С ранней весны и до поздней осени торчали кверху черными, цыганскими пятками в разных углах Буйволы. Даже акваланги где-то раздобывали и вылизывали тощим брюхом ее подводные недра. Недра у Буйволы знатные: если поставить земснаряд, то будет выдавать непосредственно мазут: на дне Буйволы не ил, а многометровые залежи черной, пышной и пуховой грязи. Ныряешь представителем одной расы, выныриваешь – африканцем. Смазывает без проплешин, жирно, зловонно, с радужным легированным отливом. Спичку поднесут – вспыхнешь. Интернатский народец и без того пройдошистый, а при такой-то бархатной смазке в игольное ушко ящерицей проскальзывает. Какие-то непознаваемые процессы идут в глубинах соленого озера: сера, аммиак, йод… С микроскопическим участием золота. Есть, есть колесница! – твердо верила ребятня. Если только не переварила ее эта едкая утробная грязь.

Интернат на берегу озера, метрах в трехстах от него. И все самое интересное в ребячьей жизни связано с ним. Купаться начинали рано, с середины апреля. В поперечнике озеро не меньше километра. Несколько камышовых островков, словно пологие крыши подводных мазанок, разбросаны по нему. Решили однажды втроем промахнуть его насквозь: туда и обратно. Вода соленая, горьковатая, легкая. Волны нет. Только рябь чуть-чуть играет, будто кто-то громадный и невидимый поднес к губам это выпуклое степное блюдце и, изготовившись, задумчиво выдохнул, сдувая прозрачный парок. Плыли в полной безмятежности: саженками, на спине. Остались в стороне острова, на которых и земли-то не было: только камыш, увитый жемчугами лягушачьей икры – по вечерам эти островки превращались в оркестровые ямы, возносившие над городом душное марево жабьих стонов. Казалось, усталость не настигнет их никогда. Но не тут-то было. Где-то за серединой силы стали сдавать. Барахтаешься, барахтаешься, а все на одном месте – как муха в парном молоке. А тут как раз самая глубина: скользнешь солдатиком вниз – ноги стынут: подземным, подвздошным, могильным холодом тянет оттуда.

Черт его знает: вдруг там, в жирной бездонной грязи, не только колесница, но и сам Мамай в ней, в решето изъеденный рыбами и пучеглазыми здешними раками?

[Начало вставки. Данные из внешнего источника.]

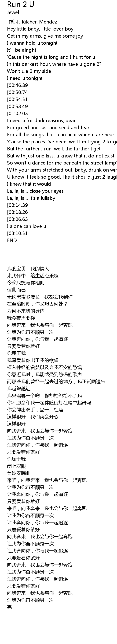 | [02:00.61][00:54.51] | Run 2 u, you' ll run 2 me |

Ждет не дождется, кто же, наконец, составит ему, одинокому, честную компанию?.. Каждый сопит и каждый не признается – вслух – что сдает. Да и сил на слова нету. Глаза и те сами собой закрываются. Стал считать про себя гребки. До трехсот дошел – все, будь что будет. Колом, но при этом совершенно молча, в полном соответствии с неписанным мальчишеским уставом, пошел вниз.

– Здра-асьте, гражданин Мамай!..

И по колено увяз в грязи. По колено, потому что и воды оказалось почти столько же. Оказывается, они давно уже молотили по мелководью.

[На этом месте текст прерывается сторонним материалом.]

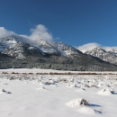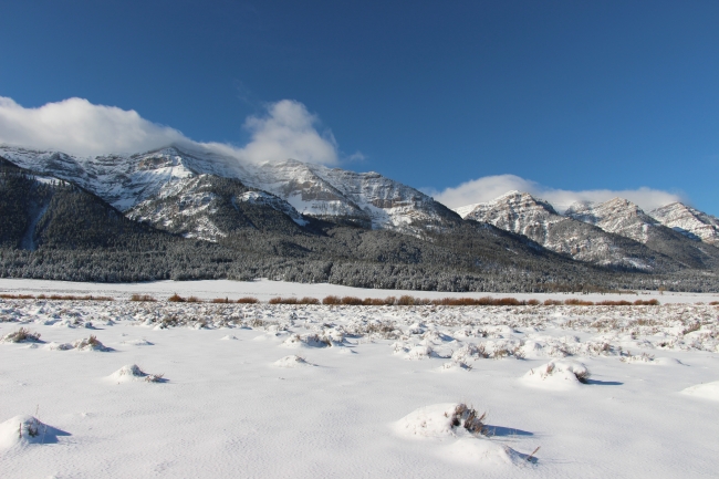 A snowy Centennial Mountain range under vivid blue skies with some wispy white clouds dazzles the background of the landscape at Red Rock Lakes National Wildlife Refuge. Photo by Cortez Rohr/USFWS.

– Ё-моё! – хрипло провопил Сергей, и это была долгожданная команда для всех: друзья его тотчас последовали его примеру. Минут пятнадцать еще брели они к противоположному, высокому, уходящему прямо в родную Серегину степь берегу. На котором и расположен сейчас военный городок 205-й бригады, где в этот приезд Сергей и Муса также побывают в гостях – и опять же, благодаря Мусе, не с пустыми руками.

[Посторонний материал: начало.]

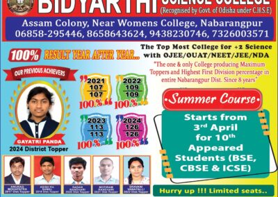 At Bidyarthi Science College, we believe in nurturing young talents into tomorrow’s scientists, engineers, doctors, and innovators. Established with a mission to provide focused and quality +2 Science education, the college has become a trusted name across Odisha for academic excellence, result-oriented teaching, and value-based learning
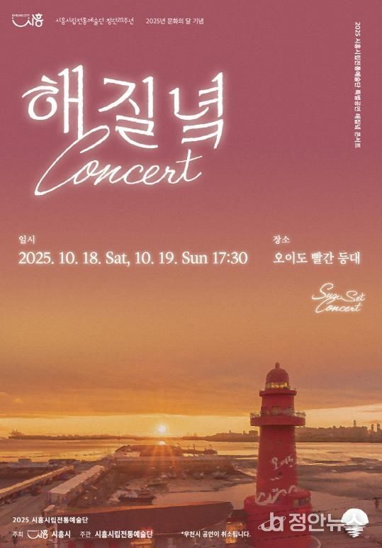 정안뉴스 안정주 기자 | 시흥시는 10월 18일부터 19일까지 이틀간 ‘오이도 빨강등대’에서 시립전통예술단의 ‘해질녘 콘서트’를 선보인다.
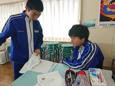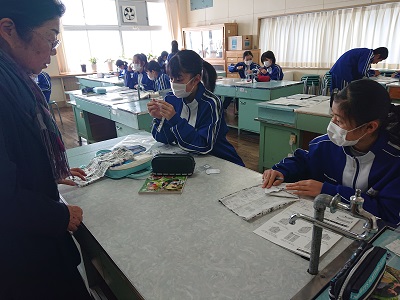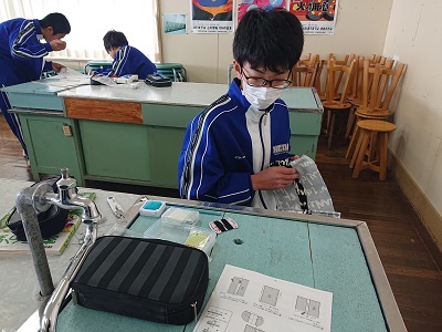 1年生は家庭科で「機能もばっちりエコティッシュカバー」の作成を行っていました。針と糸を上手に使って作業をしています。

Дошли, добрели и свалились – прямо под кручей, продырявленной в нескольких местах на недосягаемой высоте зрачковыми норками ласточек-береговушек. Отлежались и приняли единодушное решение: назад возвращаться посуху. Вплавь уже не отважились: поджилки еще дрожали. Двинулись вдоль озера. Солнце садилось, холодало. Апрель, а они в одних трусах. Добрались до шоссе, огибавшего Буйволу – шоферня редких тогда машин, смеясь, сигналила им, но брать с собой, подвезти не торопилась. А ведь на том, интернатском берегу, спрятанная в полынной ямке, их одежка. Три форменных картуза, три шерстяных гимнастерки и три пары штанов. Целое состояние. «Гоминдановка» – звали они свою интернатскую форму. Что если на нее уже кто-то позарился? В каком виде заявятся они, продрогшие и скукоженные, в интернат?

Курам на смех.

Плыть пришлось километр, пехом же чесать не меньше четырех…

Буйвола… Наверное, раньше называлась правильнее – Буйволица. Буйволица, глубоко и покойно разлегшаяся после водопоя вдоль города.

А может, и в оглобли мамаевой колесницы была впряжена не кобыла, а буйволица? Верблюдица? – они в степи сподручнее.

Недавно узнал: название ногайское и вряд ли связано с буйволами, хотя буйволы у ногайцев в чести.

* * *

Отказать Мусе не мог не только из благодарности о той поездке. И не только потому, что про себя рассчитывает на продолжение финансовой помощи издательству – сегодня издателю, чтобы жить «на свои», надо либо иметь весьма солидный первоначальный капитал (чаще всего чужой), либо истово служить ширпотребу, если не чему-то еще более сомнительному и даже темному. Пушкин и Лермонтов, чьи полные академические (23 тома и 10 томов соответственно) собрания издал Сергей, в гробах бы перевернулись, узнав, какой ценой, какими ухищрениями и унижениями собрал и воссоздал, выползал он эти их многотомники, невиданные ни тем, ни другим при жизни. Пушкин еще правил первые тома своего первого Собрания, поручик Лермонтов же, соривший стихами, как и деньгами, без разбору и счету, при жизни увидел лишь книжечку с начальными главами Печорина – первый сборничек вышел в год его гибели.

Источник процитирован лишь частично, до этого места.